Straying from the Vatican line
… The problem is not radical feminism, it’s radical patriarchy. That’s where exclusion is built right into the DNA. Women are nowhere on any of these commissions, on the writing of any of these documents. So how would they know what a woman’s answer is to these things?
One of the points on which Amanpour presses Chittister is the issue that Cardinal Levada has now labeled “product identity”: if Catholic religious women represent the Catholic “product,” aren’t they obliged to do what the men who (we’re asked to imagine, it seems) produce and control and brand the Catholic product tell them to do? (For incisive commentary on Levada’s phrase and the corporatist roots of the phrase—and, by implication, the corporatist CEO mentality that now dominates the imagination of the men running the church—see Colleen Baker
at Enlightened Catholicism and Barbara at Fur-licity
On this point, too, Chittister is crystal clear: what dominates the thinking of the sisters is not the corporate mentality of CEOs, but that of the gospels:
The sisters will tell you that their corporate mind comes out of the gospel … .

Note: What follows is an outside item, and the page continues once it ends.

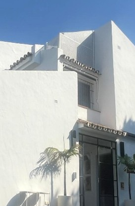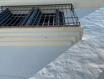 Tras la limpieza con agua a presión, sellado de fisuras con masillas fibradas, Se hicieron, reparaciones, y tendidos con morteros R4, Grano grueso y acabado con grano fino, posteriormente se han enfoscado estos paramentos exteriores, Se consolidan los soportes con ALPHALOXAN PRIMER en dilución 30% con agua, para uniformizar, superficies, y 2 manos de PROCOTEX EXTRALISO BLANCO MEDITERRANEO, Flexible A1 por su baja tensión superficial, y su excelente luminosidad que da amplitud al conjunto.

With good coverage of the attack on LCWR by one major news outlet after another in recent days, the media seem to be intent on proving Professor Margaret Susan Thompson correct as she notes in the Tablet recently
that modern media have made it impossible for the hierarchy to control the scope, content, or direction of discussions of the Vatican attack on American religious women. When there are women with the breadth of vision and expertise of Joan Chittester, who are very capable of thinking and opening their mouths to speak the truth, at the disposal of journalists trying to understand what the men of the church are doing to the women of the church, I think Professor Thompson is absolutely correct.